> **Problem to work on**
Write out the material below again, line for line, without any images.

> **Data provided**
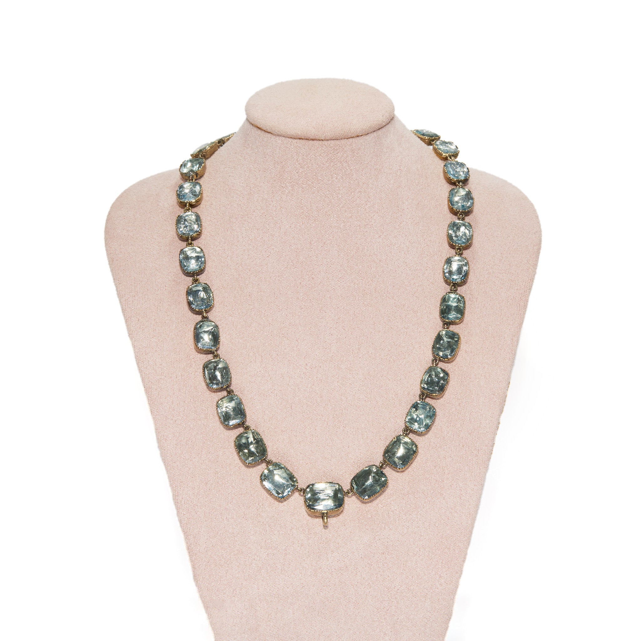 An exceptional George III rock crystal rivière necklace and matching bracelet, beautifully composed with a sequence of cushion-shaped rock crystals. Each stone is individually set in closed-back yellow gold collets.
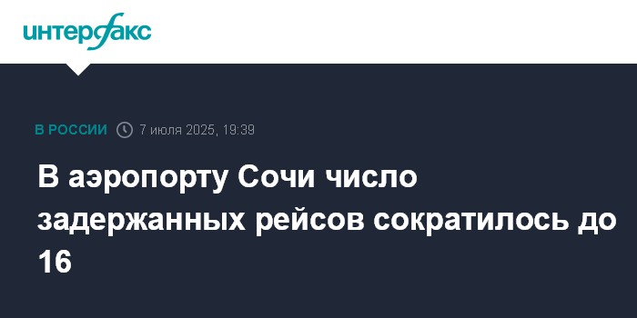 Москва. 7 июля. INTERFAX.RU - В аэропорту Сочи количество задержанных на вылет рейсов к 19:00 понедельника сократилось до 16.
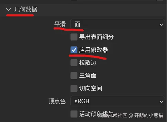 几何数据,平滑改为面,勾选应用修改器,之后点击导出即可。
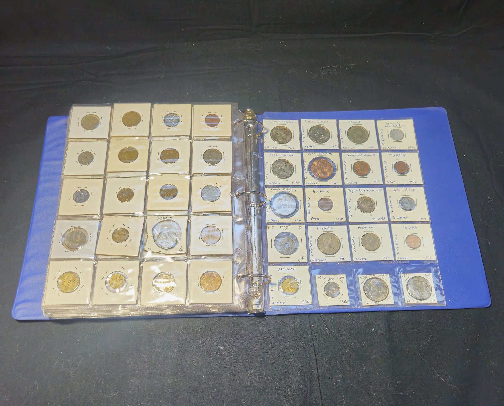 Binder with ~259 assorted France, Middle East, & South Pacific foreign coins.
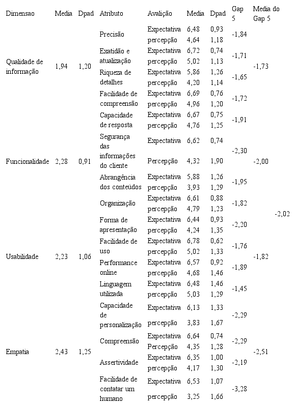 A análise descritiva dos valores de expectativas e percepções de clientes e gestores, permitiu a identificação de alguns fatores que têm grande influência na baixa avaliação de qualidade nos serviços de autoatendimento relatada pelos usuários. O fato dos gestores não perceberem o desejo dos usuários de entrar em contato com um humano, quando uma máquina não atende às suas necessidades ficou evidente neste estudo. O atributo “Performance Online” também foi destaque, visto que obteve o maior gap 5, ou seja, os usuários julgam ser muito importante, enquanto os gestores não percebem o mesmo valor. Outro atributo que podem ser destacados neste trabalho são Capacidade de Personalização, que obteve gap 1 positivo de 0,87 e gap 5 negativo de -1,89, provando que os usuários não percebem tanto valor quanto os gestores e mesmo assim não atendeu às expectativas.
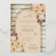 Boho exotic beachy wedding design with rustic faux distressed wood, an arched panel with multiple outer rings for a modern retro feel. Add gorgeous caramel-colored roses and terracotta to dusky brown dried eucalyptus and grasses, and all that is needed is your details to start your wedding experience off in elegant style. All text is in rose gold foil. Composite design by Holiday Hearts Designs.
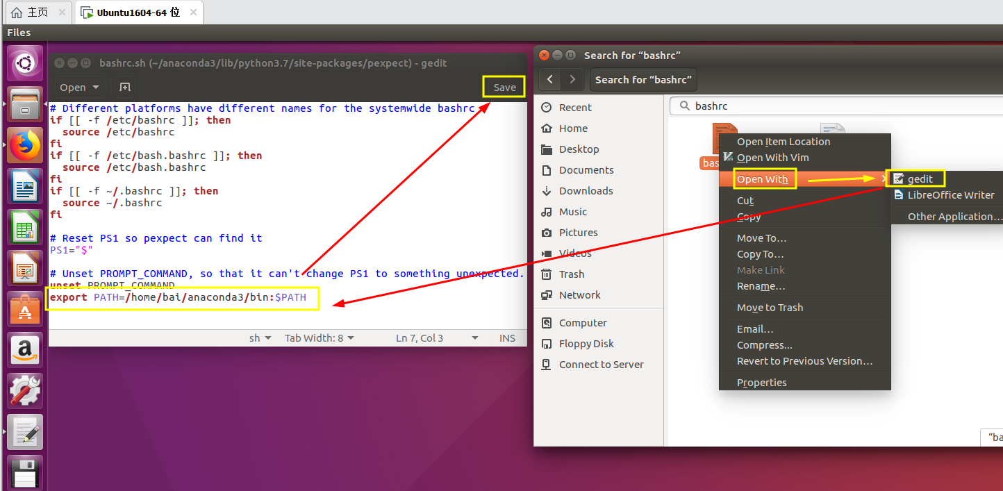 (2)、gedit图形化界面编辑(类似Windows的记事本)
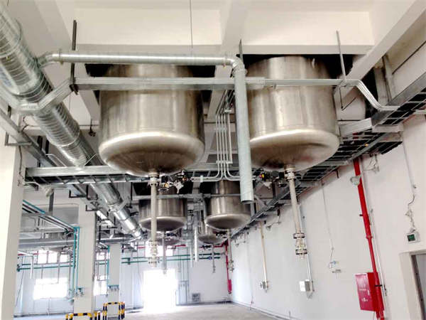 项目产线布置立体化,三层预混,二层研磨+调漆;节约空间,提高效率,解决环保、确保安全、管道无残留。
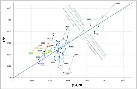 The CSS equilibrium condition suggests that the Fed model might be misspecified: the S&P 500 earnings yield during 1987 to 2000 was not in equilibrium with the government bond yield but with the average after-tax interest rate on corporate bonds. The CSS theory suggests that the Fed equilibrium was only observable after 1982, the year in which the United States Securities and Exchange Commission allowed open-market repurchases of shares.[7] However, the CSS theory cannot explain why the Fed model relationship breaks down for all other periods, such as 2000 to 2019.
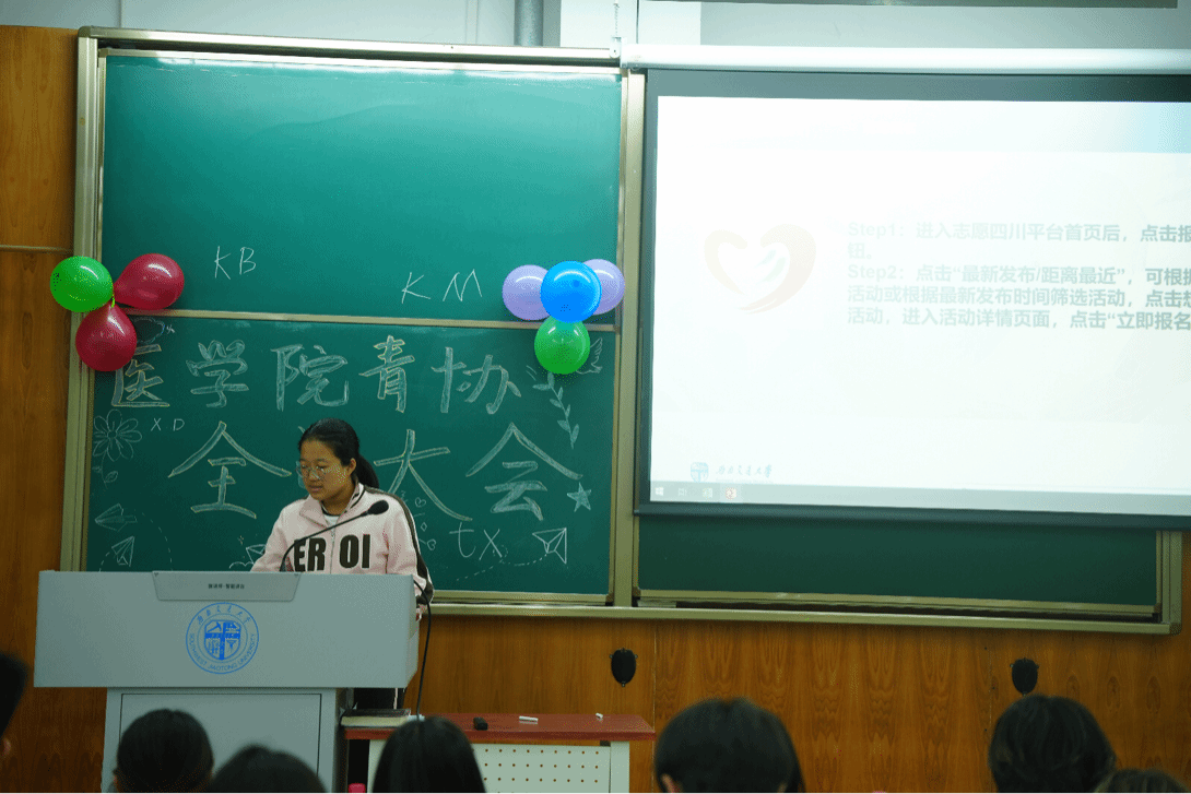 随后,青协负责人详细介绍了协会三大核心志愿项目。“三下乡”社会实践项目聚焦基层需求,组织志愿者深入实践,用专业知识助力乡村振兴;“志愿四川”星级志愿者评定机制为志愿者搭建了规范化成长平台,以星级认证激励大家积累志愿时长、提升服务质量;“交通工艺”特色志愿项目则融合校园与社会场景,开展交通文明引导、传统工艺推广等多元化活动,让志愿服务更具创新性与影响力。项目介绍让新成员们全面了解了协会的服务范畴与核心价值,激发了参与热情。

> **Your response**
 An exceptional George III rock crystal rivière necklace and matching bracelet, beautifully composed with a sequence of cushion-shaped rock crystals. Each stone is individually set in closed-back yellow gold collets.
 Москва. 7 июля. INTERFAX.RU - В аэропорту Сочи количество задержанных на вылет рейсов к 19:00 понедельника сократилось до 16.
 几何数据,平滑改为面,勾选应用修改器,之后点击导出即可。
 Binder with ~259 assorted France, Middle East, & South Pacific foreign coins.
 A análise descritiva dos valores de expectativas e percepções de clientes e gestores, permitiu a identificação de alguns fatores que têm grande influência na baixa avaliação de qualidade nos serviços de autoatendimento relatada pelos usuários. O fato dos gestores não perceberem o desejo dos usuários de entrar em contato com um humano, quando uma máquina não atende às suas necessidades ficou evidente neste estudo. O atributo “Performance Online” também foi destaque, visto que obteve o maior gap 5, ou seja, os usuários julgam ser muito importante, enquanto os gestores não percebem o mesmo valor. Outro atributo que podem ser destacados neste trabalho são Capacidade de Personalização, que obteve gap 1 positivo de 0,87 e gap 5 negativo de -1,89, provando que os usuários não percebem tanto valor quanto os gestores e mesmo assim não atendeu às expectativas.
 Boho exotic beachy wedding design with rustic faux distressed wood, an arched panel with multiple outer rings for a modern retro feel. Add gorgeous caramel-colored roses and terracotta to dusky brown dried eucalyptus and grasses, and all that is needed is your details to start your wedding experience off in elegant style. All text is in rose gold foil. Composite design by Holiday Hearts Designs.
 (2)、gedit图形化界面编辑(类似Windows的记事本)
 项目产线布置立体化,三层预混,二层研磨+调漆;节约空间,提高效率,解决环保、确保安全、管道无残留。
 The CSS equilibrium condition suggests that the Fed model might be misspecified: the S&P 500 earnings yield during 1987 to 2000 was not in equilibrium with the government bond yield but with the average after-tax interest rate on corporate bonds. The CSS theory suggests that the Fed equilibrium was only observable after 1982, the year in which the United States Securities and Exchange Commission allowed open-market repurchases of shares.[7] However, the CSS theory cannot explain why the Fed model relationship breaks down for all other periods, such as 2000 to 2019.
 随后,青协负责人详细介绍了协会三大核心志愿项目。“三下乡”社会实践项目聚焦基层需求,组织志愿者深入实践,用专业知识助力乡村振兴;“志愿四川”星级志愿者评定机制为志愿者搭建了规范化成长平台,以星级认证激励大家积累志愿时长、提升服务质量;“交通工艺”特色志愿项目则融合校园与社会场景,开展交通文明引导、传统工艺推广等多元化活动,让志愿服务更具创新性与影响力。项目介绍让新成员们全面了解了协会的服务范畴与核心价值,激发了参与热情。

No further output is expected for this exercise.